• **Your assignment**:
When you transcribe the lines below, keep every word the same and leave the pictures behind.

Start of Exercise materials

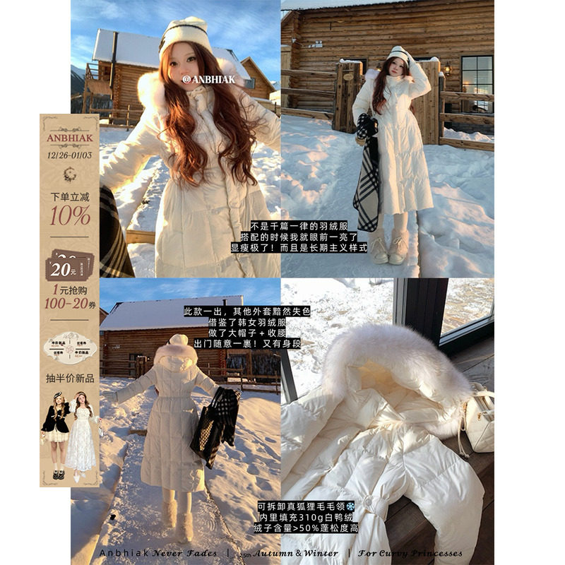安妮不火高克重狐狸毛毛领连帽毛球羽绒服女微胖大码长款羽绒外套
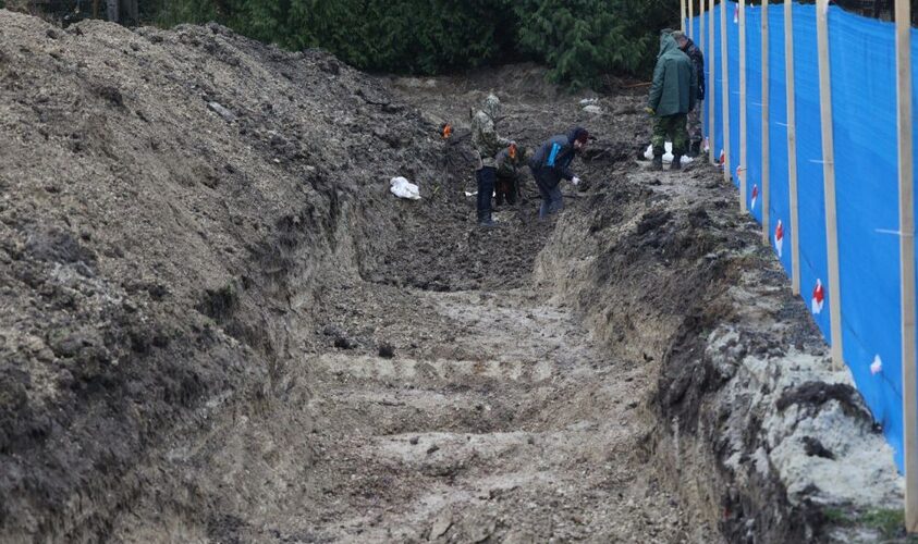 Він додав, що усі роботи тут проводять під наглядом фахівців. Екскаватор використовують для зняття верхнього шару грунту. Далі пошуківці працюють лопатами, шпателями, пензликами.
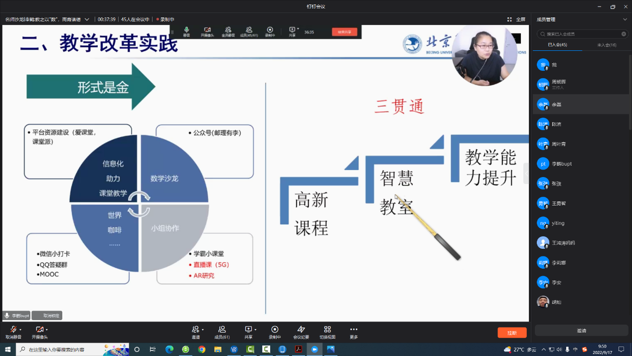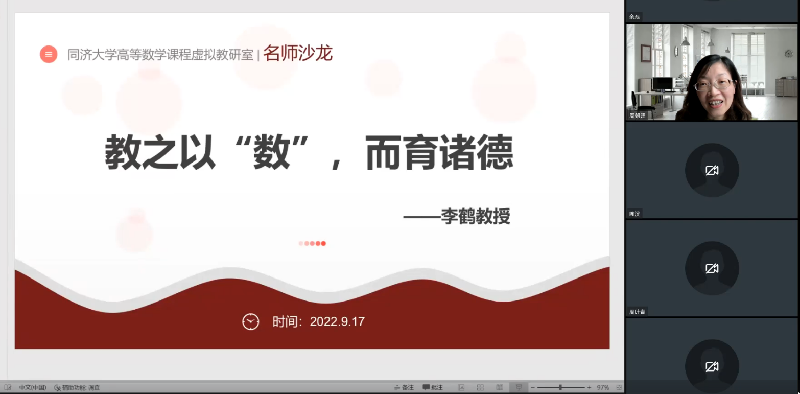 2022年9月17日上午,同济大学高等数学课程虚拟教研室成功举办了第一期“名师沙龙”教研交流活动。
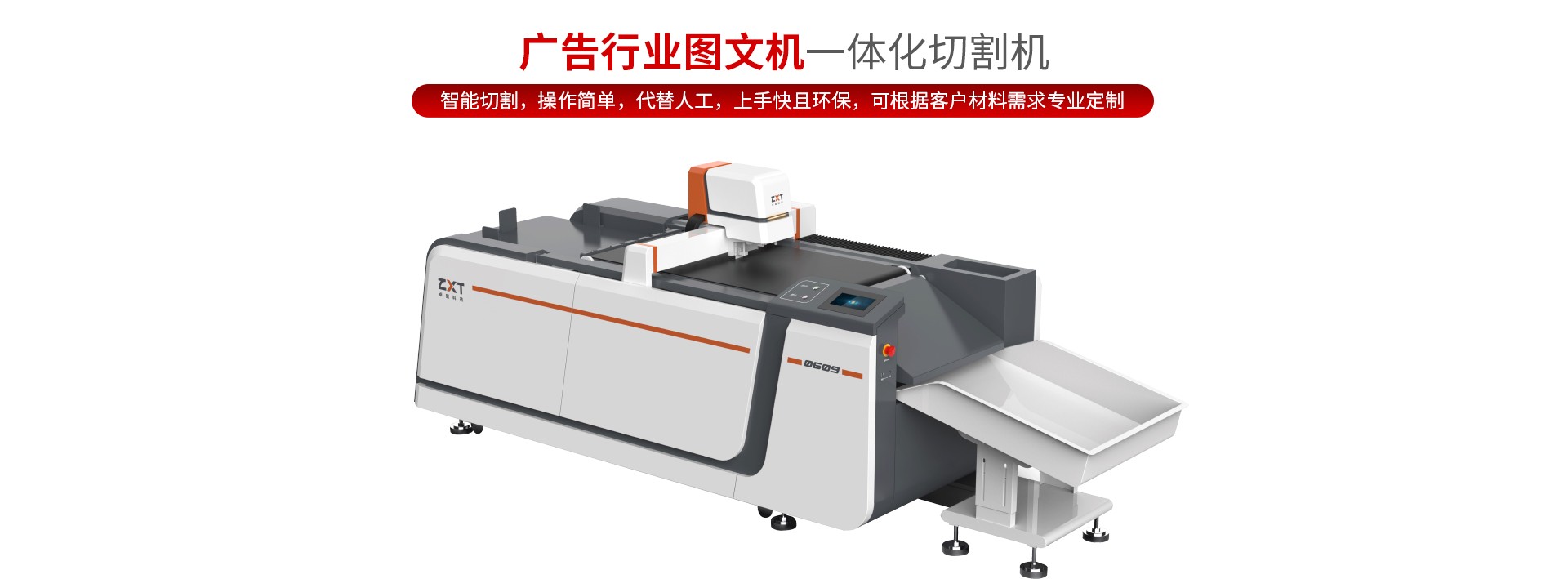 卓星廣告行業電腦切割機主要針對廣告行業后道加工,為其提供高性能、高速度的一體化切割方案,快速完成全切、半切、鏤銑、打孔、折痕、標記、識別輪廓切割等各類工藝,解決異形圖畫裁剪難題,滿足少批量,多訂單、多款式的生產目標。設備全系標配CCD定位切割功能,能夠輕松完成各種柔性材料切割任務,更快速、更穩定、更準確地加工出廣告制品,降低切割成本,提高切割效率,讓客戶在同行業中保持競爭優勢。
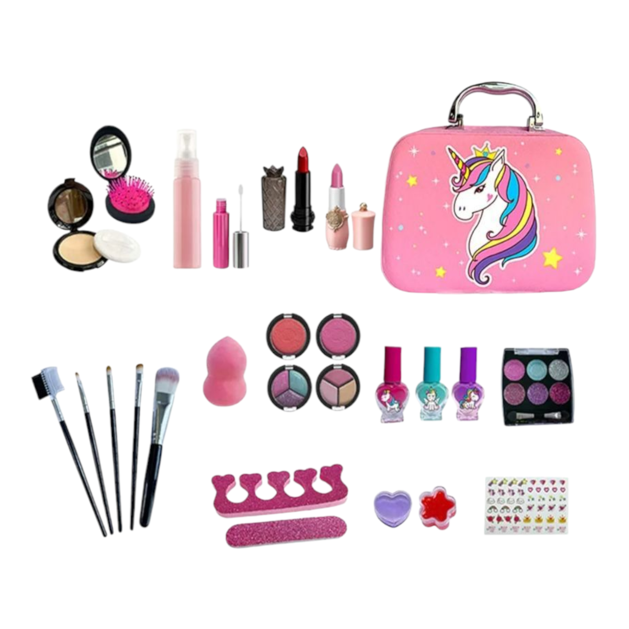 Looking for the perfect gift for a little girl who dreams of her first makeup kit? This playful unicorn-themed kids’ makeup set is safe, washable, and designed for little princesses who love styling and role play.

End of Exercise materials

• **Answer to the exercise**:
安妮不火高克重狐狸毛毛领连帽毛球羽绒服女微胖大码长款羽绒外套
 Він додав, що усі роботи тут проводять під наглядом фахівців. Екскаватор використовують для зняття верхнього шару грунту. Далі пошуківці працюють лопатами, шпателями, пензликами.
 2022年9月17日上午,同济大学高等数学课程虚拟教研室成功举办了第一期“名师沙龙”教研交流活动。
 卓星廣告行業電腦切割機主要針對廣告行業后道加工,為其提供高性能、高速度的一體化切割方案,快速完成全切、半切、鏤銑、打孔、折痕、標記、識別輪廓切割等各類工藝,解決異形圖畫裁剪難題,滿足少批量,多訂單、多款式的生產目標。設備全系標配CCD定位切割功能,能夠輕松完成各種柔性材料切割任務,更快速、更穩定、更準確地加工出廣告制品,降低切割成本,提高切割效率,讓客戶在同行業中保持競爭優勢。
 Looking for the perfect gift for a little girl who dreams of her first makeup kit? This playful unicorn-themed kids’ makeup set is safe, washable, and designed for little princesses who love styling and role play.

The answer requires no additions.